Я вспомнил, что в Америке студенты часто зарабатывают себе хлеб лакейской службой, но негр — студент и лакей, это было совершенно новое явление.
— Вот и книги, сударь! — продолжал мой знакомец. — Гинекология — это моя специальность… Моего профессора Уокера! — прибавил он, указывая на книгу. — Тоже из цветных. Бойкий человек… Ещё есть — терапия, анатомия.
— А вот и кости! — и он достал из ящика под лавкой пару длинных и крепких берцовых костей, при взгляде на которые у меня почему-то возникло убеждение, что они тоже в своё время принадлежали какому-нибудь бойкому джентльмену из цветных.
— Днём бегаю, верчусь, — рассказывал негр, — а вечером урву свободную минутку — сейчас за ученье!.. Осенью экзамен, готовиться надо.
— Как же вы здесь служите? — не удержался я.
— Что ж! — сказал негр просто. — Нас здесь трое, целый факультет!.. Тот высокий человек в обеденном салоне, да ещё тут один — Гарри… Мы все с одного семестра и поступили сюда вместе. Что ж делать?.. Надо зарабатывать деньги!..
— А трудная ваша служба!.. — заметил я.
— Да! — вздохнул негр. — В два часа заснёшь, а в шесть часов вставать надо. Да целый день не присядешь!.. Вот сегодня смениться надо, поезда скрещиваются в Джексоне. Совсем спать не буду. Другой раз до самого Фриско не сплю. Потом только и отоспишься на месте… Ну, да моё дело привычное!.. С молоду в труде!..
— А как же вы попали в университет? — спросил я.
— Отчего же не попасть? — немного обиделся негр. — Теперь все цветные люди ищут образования!
Он, как это принято у негров, осторожно называл свою расу цветной.

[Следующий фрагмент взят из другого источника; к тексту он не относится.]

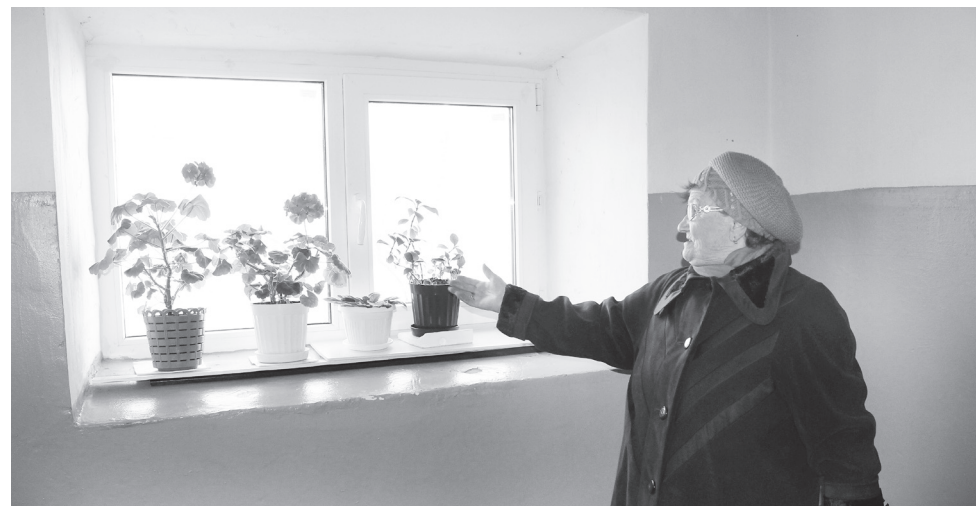
▲ Окно в подъезде

- Все это мы не своими руками делали, а нанимали специалистов, которые прово-
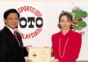
Berjaya Sports Toto was voted one of the ten best-managed companies in Malaysia for 1998/99 by Asiamoney magazine.
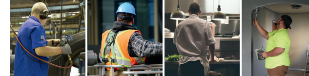
Mein beruflicher Neustart!
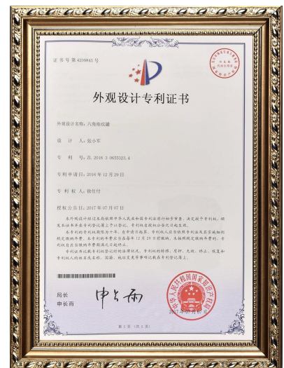
براءة اختراع رقم: 201630655323.4
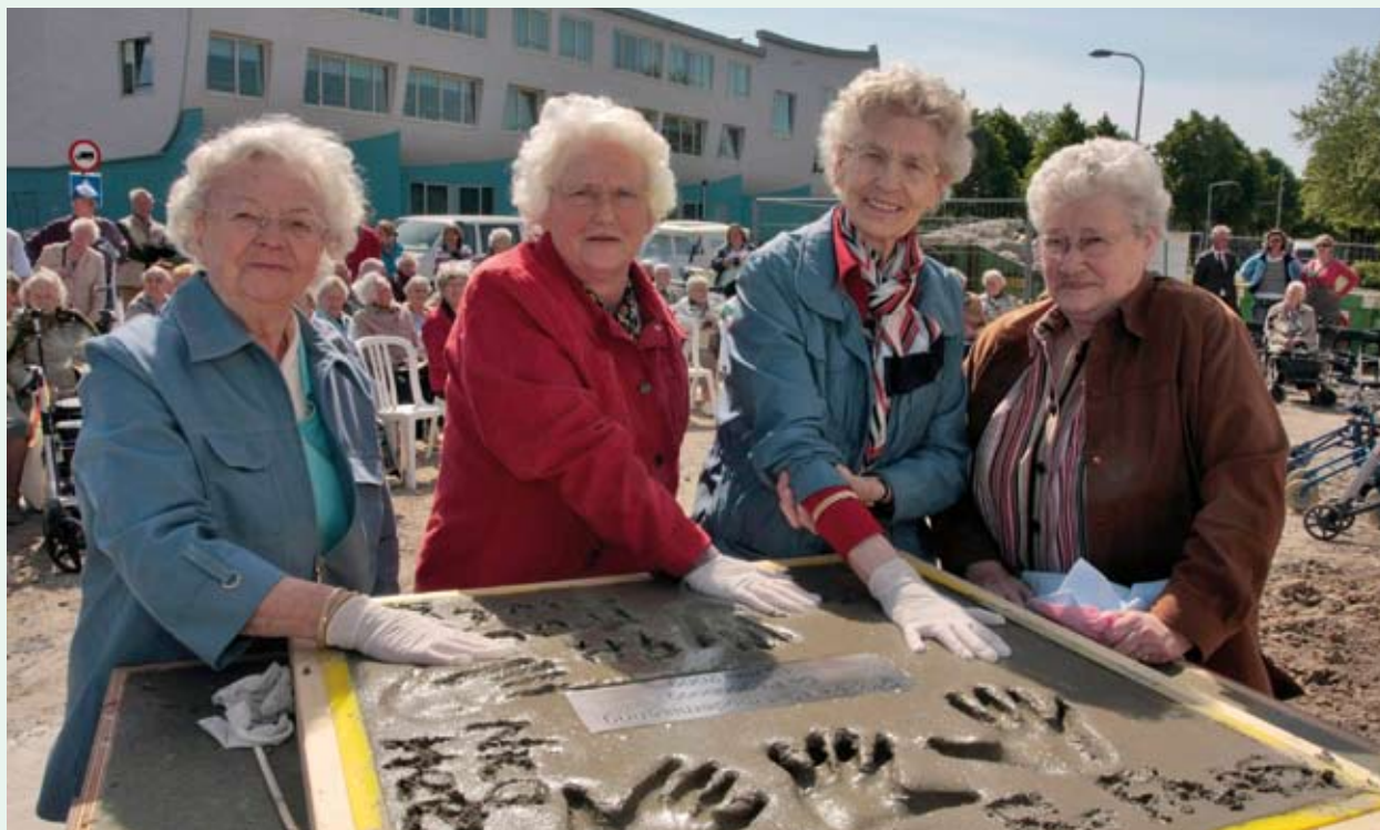
De dames van Dalen, Morier, en Westdijk lieten zich dit niet nog een keer zeggen en plaatsten enthousiast hun hand in het cement.

wordt een aantal gereserveerd voor mensen die in de laatste maanden van hun leven zorg nodig hebben.
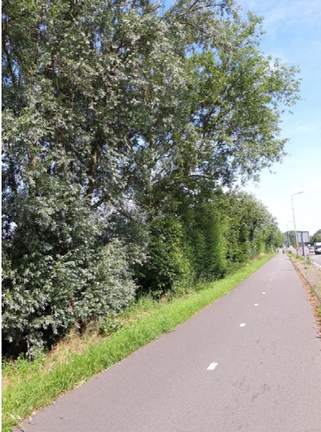
Figuur 4-1. Bomenrij langs de N206 ter hoogte van de Zanderij

de Zeeweg zijn holtes waargenomen die mogelijk geschikt zijn voor vleermuizen. Deze bomen zullen in het voornemen blijven staan.
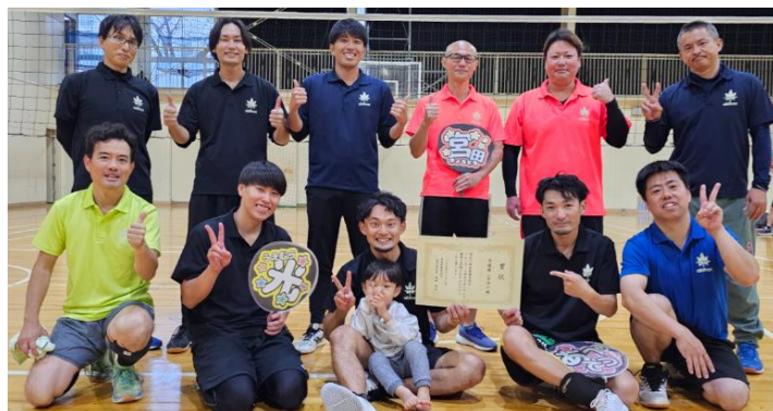
男子の部 準優勝 藤沢市立秋葉台小学校
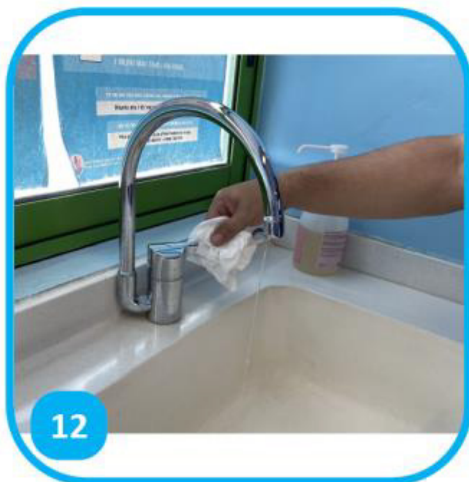
12 Refermer à l'aide de l'essuie-mains
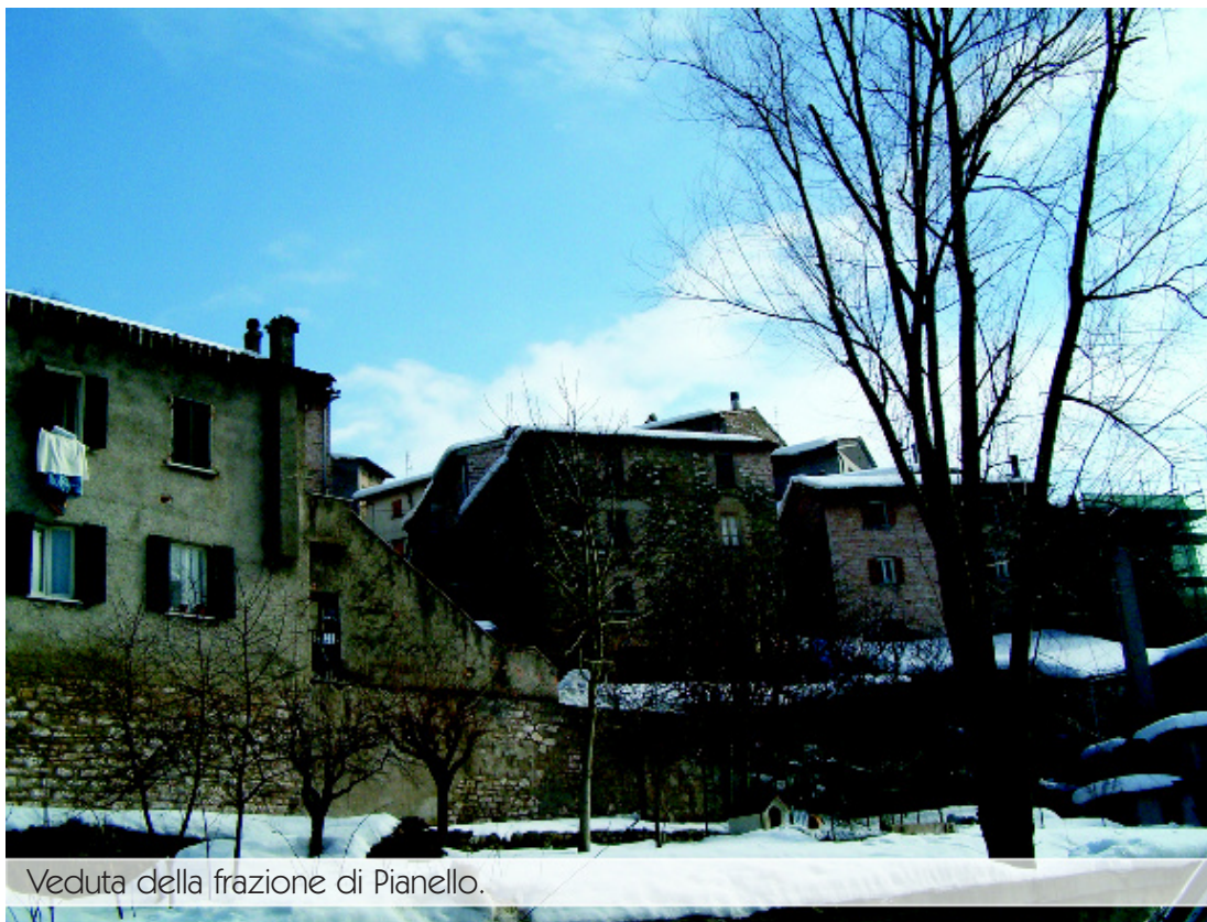
Veduta della frazione di Pianello.
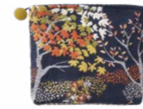
ENCHANTÉE - Nuit 1004071 Tapisserie - Tapestry
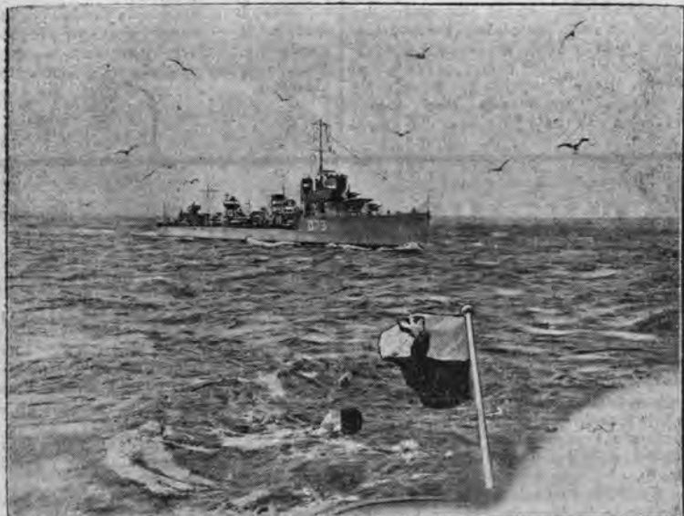
Do portu wojennego zawinęła eskadra wojenna floty angielskiej, złożona z 4 kontrtorpedowców. Dowódcą eskadry angielskiej kom. Boyd złożył wizytę dowódcy floty wojennej R.P. kom. Unrugowi, poczem kom. Unrug rewizytował go na kontrtorpedowcu „Wiwian”. Na zdjęciu widzimy kontrtorpedowca „Wiwian”.
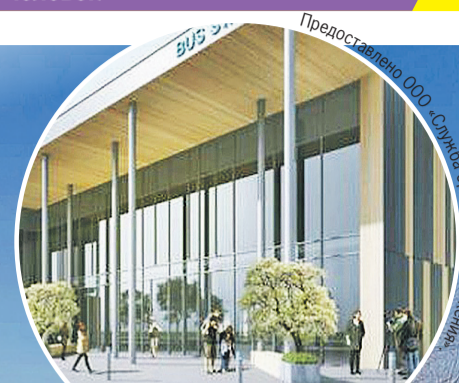
Подъезжающий автобус пассажиры смогут увидеть через стекло.

районе не идет, - отметили в пресс-службе администрации Челябинска. - Строительство там действительно ведется, но, согласно выданному в 2016 году разрешению, возводится автомобильный центр.
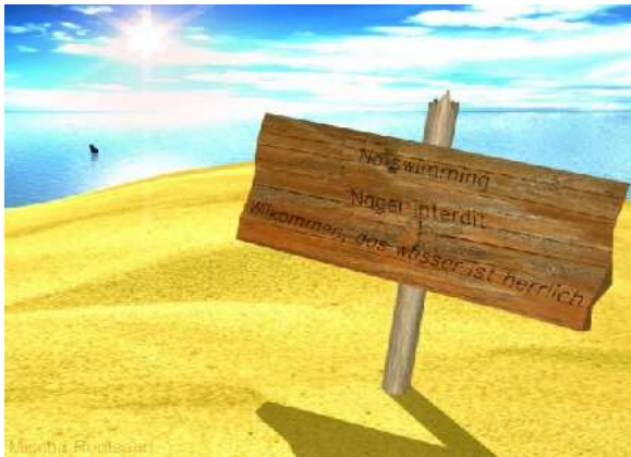
Nederlandse kust: No Swimming Nager Interdit Wilkommen, das wasser ist herrlich
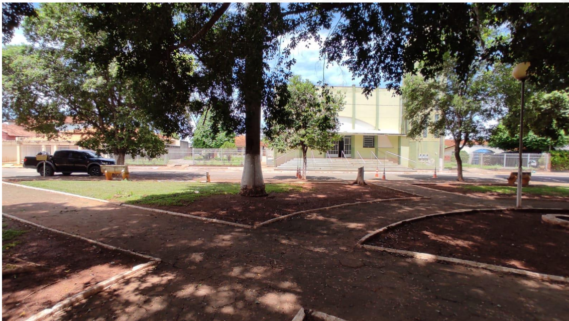
Praça Farmacêutico Manoel Ferreira.
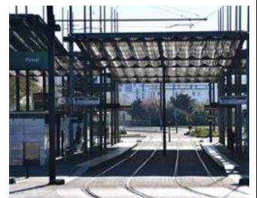
Station « Pirmil » en avril durant le confinement

Nous essayons actuellement de développer les propositions à présenter dans le cadre des relations entre le Collectif transport et la direction des transports et de la mobilité de Nantes Métropole. D'autant plus qu'interfère désormais la mise en place des instances de concertation prévues par la Loi d'Orientation des Mobilités et la mise en avant par la SNCF des Services express métropolitains dans trois agglos de la région (Nantes, Le Mans, Angers). Pour suivre tout cela ayez le réflexe de consulter notre site internet que nous nous efforcerons d'actualiser.

— Я ещё семье помогаю! — прибавил негр. — У меня вся семья учится. Брат в колледже, одна сестра в юридической школе, другая тоже в медицинской. Только молодые все. Я самый старший.
— А сколько вам лет? — спросил я.
— Двадцать три! — ответил негр. — Мы все молодые… Этого времени, рабства, мы совсем не видали.
— А родители ваши живы? — спросил я.
— Нет, умерли! — ответил негр. — И отец и мать!.. У меня и отец и мать были грамотные! — прибавил он с гордостью. — Знаете, тогда запрещали учиться. Тайно по амбарам собирались да грамоте учились, чтобы на людей похожими быть…
— Мы из Тенесси! — продолжал словоохотливый негр. — Но из хорошей семьи. На плантациях никогда не работали… Мой дядя божье слово в устах имел… Пострадал от плантаторов в 59-м году.
— Как пострадал? — спросил я.
— Мучеником! — ответил негр, и по его чёрному лицу прошло ещё более чёрное облако. — Повесили за шею в Абботстоуне… Мир праху его! Теперь его душа в божьих селениях… Но только я этому не верю! — прибавил он вдруг совсем другим тоном.
— Чему? — спросил я в крайнем изумлении.
— Да этому!.. Какая душа? Божьи селения? Кроме силы и материи ничего нет и не может быть… Наука учит!.. — Последние два слова он произнёс с таким же благоговейным выражением, с каким недавно говорил о мученичестве своего дяди.
Я подивился тому, как в его душе рядом уживались идеи и настроения, взаимно исключавшие друг друга. Но внимание его перескакивало с предмета на предмет с чисто птичьей быстротой, и, я думаю, он просто не успевал согласовывать свои идеи.